Information provided =>
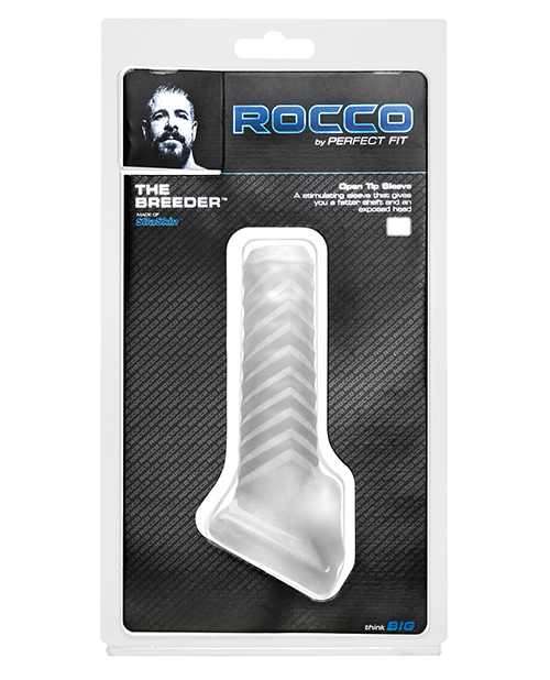 Championed by namesake gay porn megastar Rocco Steele, the stunning The ROCCO(TM) Big Breeder(TM) is Perfect Fit Brand’s first open-ended sheath, known as a sleeve, giving you a fatter shaft and exposed head. Made of SilaSkin(TM), the design uses the proven architecture of our Fat Boy(TM) sheath, but adds a new conical shape where the base loops around the balls, features a thickly ribbed outer texture, a stroker-like nubby interior, and tapers to a fat base to enhance pleasure of the receiver.
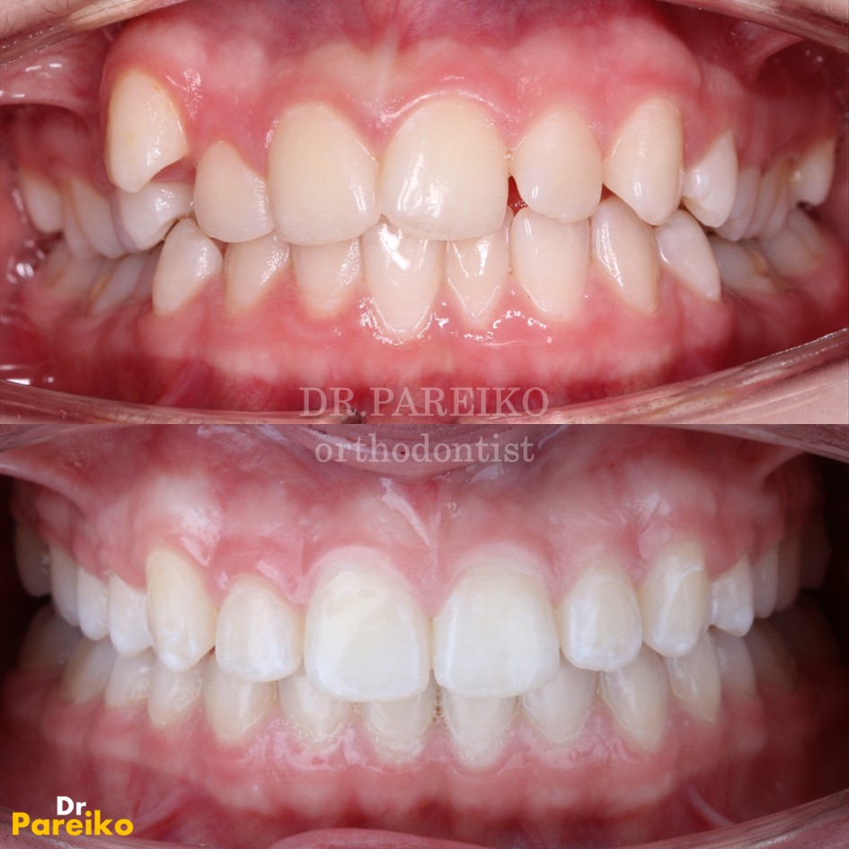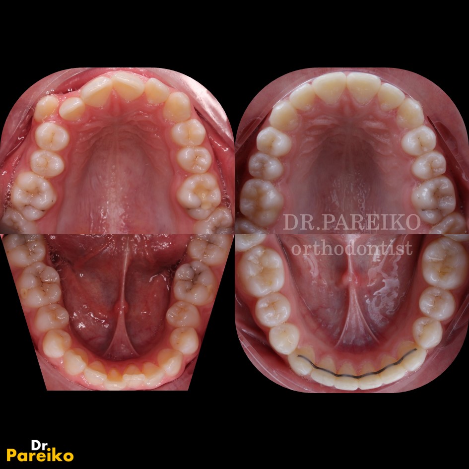 После окончания ортодонтического лечения, пациенту была проведена комплексная профессиональная гигиена, изготовлены ретенционные каппы и установлен несъемный ретейнер на н/ч.
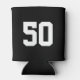 The man the myth the legend can cooler for men. Cute Birthday gift idea. Funny quote for over the hill dad on Birthday. Age specific humor for fiftieth Bday. Personalizable text and background color. Cosy gift idea for daddys manly man cave / mancave. Vintage masculine typography. Keeps beer cool for him. Mens sports humor. Doubles sided print. The man the myth the legend. Customizable background color. Fun present for fifty year old husband, uncle, grandpa, grandfather, stepdad, son, brother, guys etc. Custom age. Make your own for 30th 40th 50th 60th 70th 80th 90th Birthday. Black and white color.

What to work on =>
Retype the material in full, exactly as written, and exclude the pictures.

Task output =>
 Championed by namesake gay porn megastar Rocco Steele, the stunning The ROCCO(TM) Big Breeder(TM) is Perfect Fit Brand’s first open-ended sheath, known as a sleeve, giving you a fatter shaft and exposed head. Made of SilaSkin(TM), the design uses the proven architecture of our Fat Boy(TM) sheath, but adds a new conical shape where the base loops around the balls, features a thickly ribbed outer texture, a stroker-like nubby interior, and tapers to a fat base to enhance pleasure of the receiver.
 После окончания ортодонтического лечения, пациенту была проведена комплексная профессиональная гигиена, изготовлены ретенционные каппы и установлен несъемный ретейнер на н/ч.
 The man the myth the legend can cooler for men. Cute Birthday gift idea. Funny quote for over the hill dad on Birthday. Age specific humor for fiftieth Bday. Personalizable text and background color. Cosy gift idea for daddys manly man cave / mancave. Vintage masculine typography. Keeps beer cool for him. Mens sports humor. Doubles sided print. The man the myth the legend. Customizable background color. Fun present for fifty year old husband, uncle, grandpa, grandfather, stepdad, son, brother, guys etc. Custom age. Make your own for 30th 40th 50th 60th 70th 80th 90th Birthday. Black and white color.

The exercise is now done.